Once I was old enough to do my own hair, I felt ashamed of the bald temples/sideburns so I began to just cut my hair instead of just pulling it from the roots, so it didn't look so obvious. So of course, all the way though high school, I had short hair. Actually, by the end of high school, I cut all my hair completely off ( yes almost bald). I didn't start growing my hair out until maybe 7 or so years ago, but I constantly trimmed my hair. It wasn't until 3 years ago, when I started my dreadlocks that I stopped trimming it almost every week. I still trim my hair every 6 to 8 weeks though, which is a vast improvement. that's about a normal time scale that people trim their hair anyway.  My temples have crown back, but if you look closely at my sideburns, you can see that they're then in comparison to the rest of my hair.  My attitude over time has become " It's just hair, it'll grow back".

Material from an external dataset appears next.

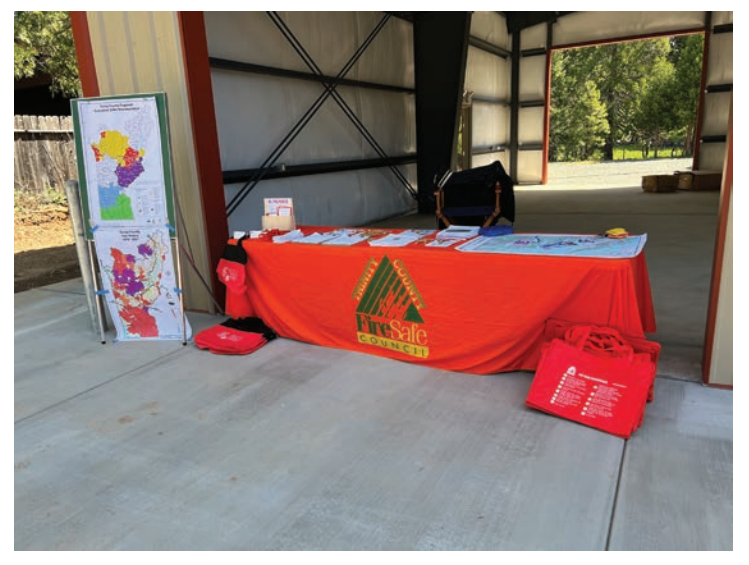
Trinity County Fire Safe Council table at a community event in Trinity Center

Please talk to your cousin's parents and get her some help; and if you can, try to raise money to get her a nice wig while she deals with this. Good luck!


----------



## ashley8119 (Dec 18, 2008)

I have had trich since I was 12. I'm surprised (and a bit relieved) to see that others go through this struggle. I've never encountered another person who had it, therefore I've always felt like a "freak" because of it. 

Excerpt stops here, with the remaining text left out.